The Politics of Obesity
There is increased and substantial public awareness that overweight and obesity is a crisis in the world. That has been, rightfully so, dramatically and ubiquitously present in the news, various reports, studies, and research across a myriad of strata, including every component of government, medicine, psychology, insurance, and so forth.
The British have gone so far as to emphasize that the U.K. government must develop a “Strategic Policy” to deal with the obesity epidemic and implement change from the top-down. They compare this problem to the alleged “Global Warming” catastrophe predictions about our planet.
Tackling Obesities: Future Choices
It is interesting to note that the governments of the world feel a need to adapt policies for how people eat, and for policies on how they consume energy; and, in the alternative, how they don’t do these things properly.
The bifurcation and trisection efforts to attempt to deal with this issue varies between the public and private sectors; and various mandates to “regulate” private citizens is profound in its ambition. That much is clear.
What is not clear, is what does “Global Warming” have to do with “Obesity?”
That is beyond the scope of this essay—albeit, from a didactical point of view, the two are unrelated.
Or are we in an International denial of our true selves?
From Mr. Feiglin, he states the following in his editorial “Capital for Sale”

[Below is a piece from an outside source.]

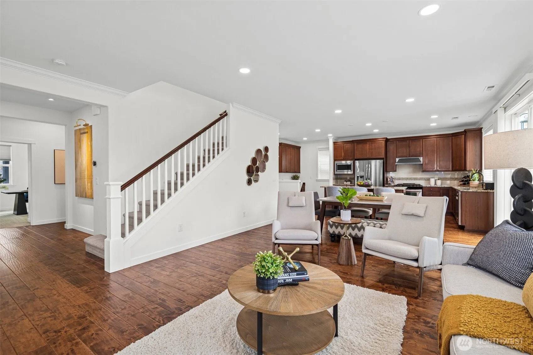 Stunning home in the highly sought after Eagle Pointe neighborhood of Snoqualmie Ridge! Featuring 4 bedrooms, 2.75 baths, and a versatile loft, this home offers an open-concept layout w/ hardwood floors & soaring 9′ ceilings. The main-floor bedroom has convenient access to nearby shower. You’ll love the custom closets, quartz countertops, and fresh updates throughout – including brand new furnace, carpet, paint (inside & out), and extended pavers. Take in mountain views & enjoy easy access to freeways, Jeanne Hansen community park, trails, shops & restaurants plus top-rated Timber Ridge Elementary. A rare find w/ upgrades you have to see in person! With a prime location and stunning finishes, this home is a must see! Pre-Inspected too!

“The West is imploding. The ability to distinguish between good and evil has been replaced by post-modernism. Freedom has been replaced by nihilistic servitude and capitalism has lost its refinement and cultural restraint. Instead of liberating man, it now enslaves him and has turned the masses - both rich and poor - into servants of the system. There is no need for gulags; Western society lives in golden cages, more enslaved and despondent than ever.
There is no day of rest and no days of work; no working hours and no free time; no family time and no culture time. Everything is the shopping mall. Everything flows into the bottomless consumer pit. The air, water and oil that once empowered man's liberty have been exhausted and polluted. The foundations of the Western Tower of Babel are corroding away.”
A sound rather dramatic isn’t it?
We need to take a moment and be completely honest--with a marked degree of objectivity--regarding the amount of information about overweight and obesity, and other self-induced problems by us, in the western world,
To be more germane, is this really something that is worthy of government intervention? Are not individuals really, in the end, responsible for their own health and destiny?
That is, how much they eat and may gain weight? Destroy their lives? The environment? Is the government giving the message to people that they are not really able to solve their weight problems?
Or in the alternative, how they might starve themselves, take diet pills, make themselves throw-up, etc.?
Have we lost our collective minds? Have we lost our collective self-control?
Apparently, the answer is, unfortunately, yes. We obviously, don’t know how to solve these huge problems, and have left this unfortunate situation as untenable and inexplicably unsolved as it is simple.
As an analogy, the budget deficit is the amount that we spend more than we receive. Fiscal integrity would dictate that, as a nation, as households, as consumers, as responsible adults—we shouldn’t live beyond our means.
Sounds crazy doesn’t it? As the old saw goes:
“You don’t solve problems; you survive them.”
We believe that, you have come to the right place, with the right people, for the right reasons—we are here to provide you with every available tool, and quiver in our arsenal, to assist you to learn about proper nutrition, weight management, exercise, and long term behavioral change requisite to lead a healthy lifestyle.
There is no question that the problems of overweight and obesity are, essentially, a giant mess. It is a huge problem. To ignore it, is to ignore reality.
However, let’s reduce it to its most basic form.
* If you smoke you put yourself at risk for cancer and other long term disease.
* If you eat more than your body’s caloric output, you will gain weight.
Seems simple, doesn’t it? In its most simple form, actually, it is.
But therein lies the rub……………………………..
It’s not. These are complex problems requiring different approaches, strategies and policies.
Minisymposium on Obesity: Overview and Some Strategic Considerations
I look forward with my readers to carefully analyze and share viewpoints on this issue, and together we can make a team, a partnership, a community.